Circulatory dietary and gut-derived metabolites predict early cognitive decline.

Neuroprotective metabolites choline, 5-hydroxyindole acetic acid (5-HIAA), and indole propionic acid (IPA) were lower in SCI and MCI individuals compared to healthy controls.

• Multiple linear regression modelling identified these three metabolites as significantly reduced in early cognitive decline groups.
• Regression models were adjusted for sex, BMI, age, albumin, liver and kidney function, and background diet.
• Study included 50 participants per group (cognitively healthy, SCI, and MCI), matched for age, BMI, and sex (n = 150 total).
• Metabolites were measured using mass spectrometry platforms determining serum concentrations.

The cytotoxic metabolite indoxyl sulfate and kynurenic acid were elevated in SCI and MCI participants compared to healthy controls.

• Elevated indoxyl sulfate and kynurenic acid were identified via multiple linear regression adjusted for age, sex, BMI, albumin, liver and kidney function, and background diet.
• Indoxyl sulfate is described as a cytotoxic metabolite thought to contribute to neuroinflammation, blood-brain barrier dysfunction, and neuronal degeneration.
• Measurements were derived from serum samples across the three matched cognitive groups (n = 50 per group).

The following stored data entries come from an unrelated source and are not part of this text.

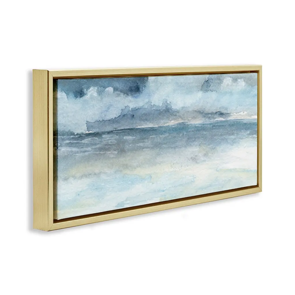 Elevate your home or office to the next level with Stupell Framed Floating Canvas Wall Art. Our premium hand-stretched canvas is mounted securely into a sturdy lightweight frame. The museum-style gap between the wrapped canvas and the box frame gives the illusion of floating artwork. Stupell Wall Art is made in the USA.Features: Dimensions: 25 x 1.7 x 11 Frame, 24 x 1.5 x 10 Canvas ArtFloating Frame Canvas Products are available in sizes 25"x11" and 31"x14". All Floating Frame Canvas Products have a 1.7" Depth.Wall Art is Ready to Hang with Hardware Free Hanging. No Installation required. For Easy Set Up Lean or Layer Artwork on Shelf or Against Wall. Artwork is Permently Fixed into the Frame.Our elevated 1.7" Thick Floating Frame is the perfect complement to our canvas style Wall Art. We use only the highest quality inks in house with industry leading printing solutions. Canvas is hand stretched over a durable wood foundation and then mounted securly into a Modern Box Frame. Made in the USA.Artwork Relates To: Painting, Nature, Sea, Water, Ocean, TideDesign by Regina Moore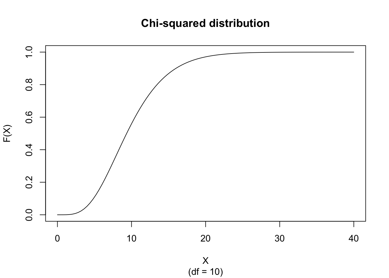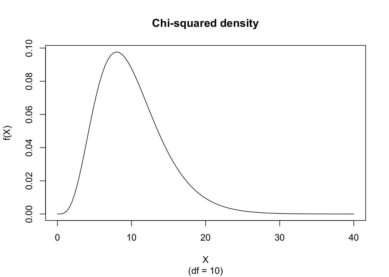 curve(dchisq(x, df = 10), from = 0, to = 40, xlab="X", ylab="f(X)", main = "Chi-squared density", sub = "(df = 10)")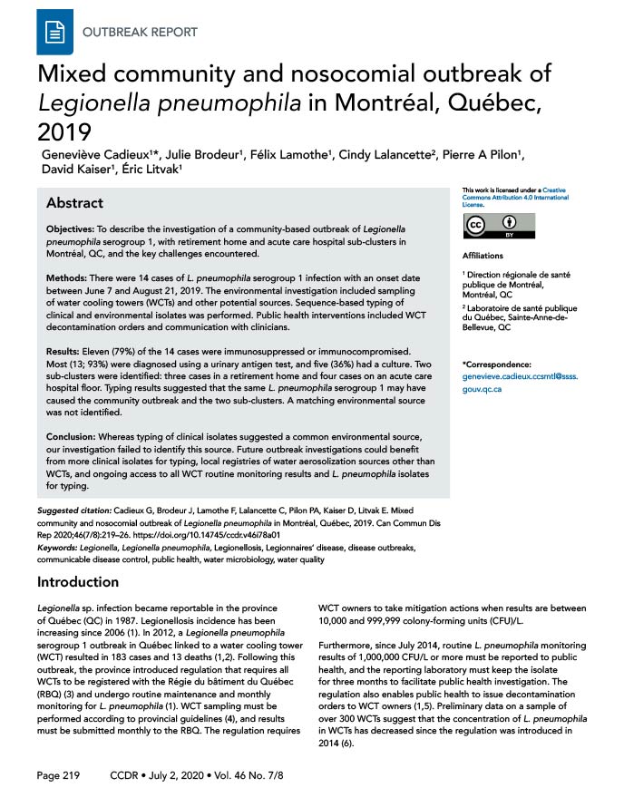 Cadieux G, Brodeur J, Lamothe F, Lalancette C, Pilon PA, Kaiser D, Litvak E. Mixed community and nosocomial outbreak of Legionella pneumophila in Montréal, Québec, 2019. Can Commun Dis Rep 2020;46(7/8):219–26. https://doi.org/10.14745/ccdr.v46i78a01

A random forest algorithm with multiclass classification identified six metabolites as classifiers of early cognitive decline, achieving an AUC of 0.79.

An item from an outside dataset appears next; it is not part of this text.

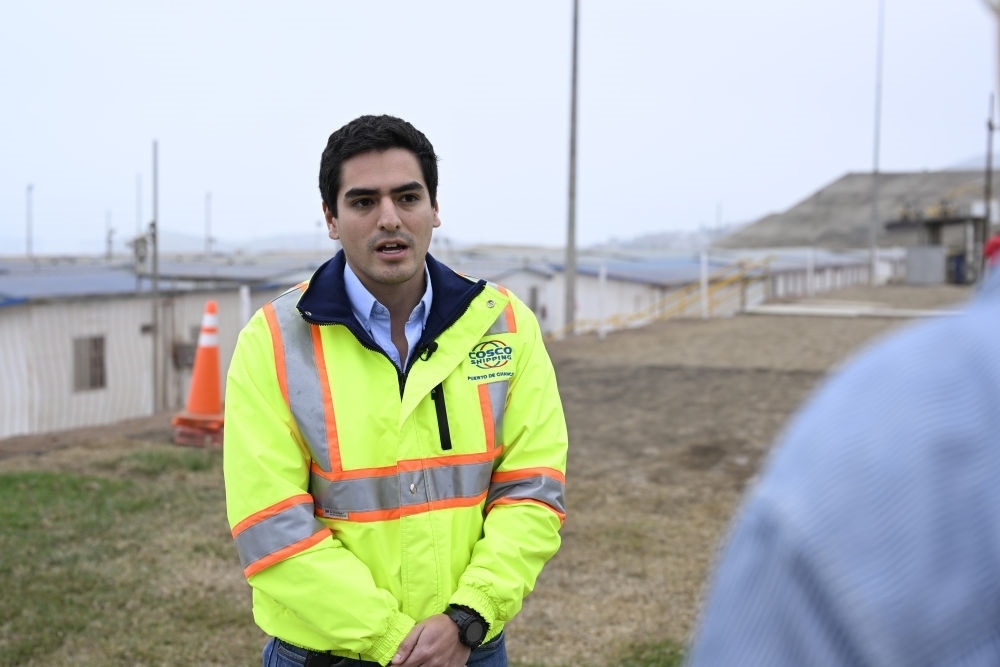 2024年6月21日,秘魯青年丹尼爾·哈雷斯在錢凱港項目現(xiàn)場接受媒體采訪。項目啟動之初,丹尼爾·哈雷斯還是一名剛?cè)肼殘龅膶嵙暽缃?7歲的他已成長為項目工程部合同管理員。隨著錢凱港建設(shè)不斷推進,項目的工作崗位在當?shù)爻蔀槟贻p人就業(yè)的熱門選項。
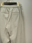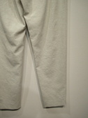 ウェストゴムのテーパードパンツ、祖座は麻混入り、脇ポケット、手洗い可能

• The six metabolites identified were indoxyl sulfate, choline, 5-hydroxyindole acetic acid, IPA, kynurenic acid, and kynurenine.
• The random forest model achieved an area under the curve (AUC) of 0.79.
• The machine learning approach validated findings from the multiple linear regression analysis.
• The panel spanned tryptophan-related compounds and a choline-related metabolite from a broader 33-metabolite panel that also included bile acids and TMAO-related metabolites.

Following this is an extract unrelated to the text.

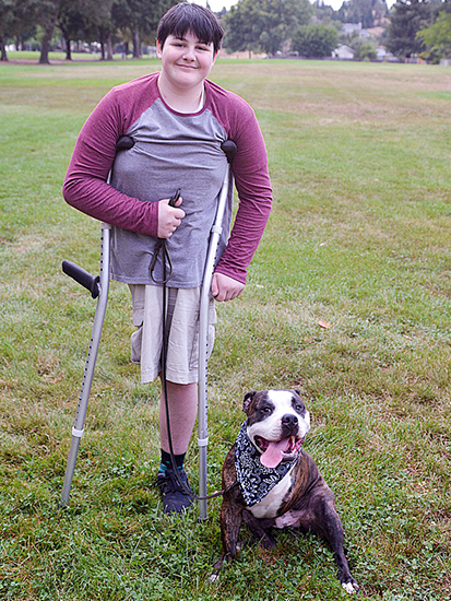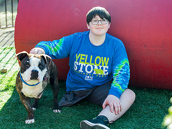 Logan, a pit bull terrier, had a front leg amputated. The animal was at the Front Street Animal Shelter in Sacramento and was looking for a home.

The study measured a panel of 33 serum metabolites across three cognitive groups using mass spectrometry.

• The 33 metabolites comprised 13 tryptophan-related compounds, 15 bile acid compounds, 3 TMAO-related metabolites, and 2 cresol metabolites.
• Participants were n = 50 per group across cognitively healthy, subjective cognitive impairment (SCI), and mild cognitive impairment (MCI) groups, matched for age, BMI, and sex.
• 16S rRNA amplicon sequencing was also employed to identify bacterial taxa associated with metabolic changes.
• Both multiple linear regression and machine learning techniques were applied to identify the metabolite panel.

Microbial dysbiosis in early cognitive decline and Alzheimer's disease can modulate levels of microbe-derived metabolites thought to contribute to neuroinflammation, blood-brain barrier dysfunction, and neuronal degeneration.

• Microbe-derived metabolites (MDM) are proposed to play a role in the pathophysiology of early cognitive decline.
• The precise role of MDM in cognitive decline and their potential value as risk factors is described as 'poorly understood' prior to this study.
• The study addresses the gap by profiling MDM across healthy controls, SCI, and MCI participants.

The authors propose that microbial-derived metabolites may serve as putative composite biomarkers for metabolic risk stratification and support development of minimally invasive screening tools.

• The six-metabolite panel achieved an AUC of 0.79 in classifying early cognitive decline.
• The authors highlight 'potential clinical relevance for metabolic risk stratification' and 'future development of minimally invasive screening tools.'
• The study used serum-based measurements, supporting the minimally invasive nature of potential future screening.